Димка встрепенулся, как будто я вывел его из комы дефибриллятором, покрутил головой на тонкой шее и промямлил:

– Да особо-то не много известно, – он сглотнул, протер рыбьи глаза. – Вроде как, говорят, он с дочкой жил.

– Кто говорит?

– Из толпы кто-то бубнил, когда я дежурил у входа. Дескать, дочка-то где? Я спросил еще: «У него и дочка была?». «Ну, конечно, все это знают».

Я сделал записи у себя в смартфоне.

– Еще что?

– Еще, еще… – пробубнил Димка, напрягая извилину как будто на экзамене. – Ну, не местный дед Матвей. В смысле не родился в Большой Руке. Мы всех, кто тут не родился, местными не называем. Приехал пацаном откуда-то.
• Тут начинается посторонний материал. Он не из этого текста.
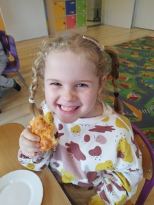 12 lutego we wszystkich grupach przedszkolnych obchodzony był „Międzynarodowy Dzień Pizzy”. Tego dnia sale naszego przedszkola zamieniły się w prawdziwe, włoskie pizzerie. Na zajęciach dzieci miały okazję zobaczyć jak powstaje ten kultowy włoski placek i jakich składników potrzeba, aby go przygotować. Poznały historię jego powstania oraz dowiedziały się, z którego kraju pochodzi. Wszystkim bardzo smakowała pizza wykonana przez dzieci. Nie zabrakło rónież papierowych "przysmaków".

Поселился на краю деревни, так и жил в отдалении, пока не… Сами знаете.

– Пока не помер, – завершил я. – Не бойся произносить это вслух. Ты же мент.

Дима зарделся, на прыщавых щеках появился румянец. Похоже, «мент» для него было неким недостижимым статусом. Я усмехнулся, вглядываясь в это юношеское потасканное лицо. Пьющий юнец без особых задатков и ума, но кто, если не он, будет осуществлять функции, возложенные на МВД, в этой дыре?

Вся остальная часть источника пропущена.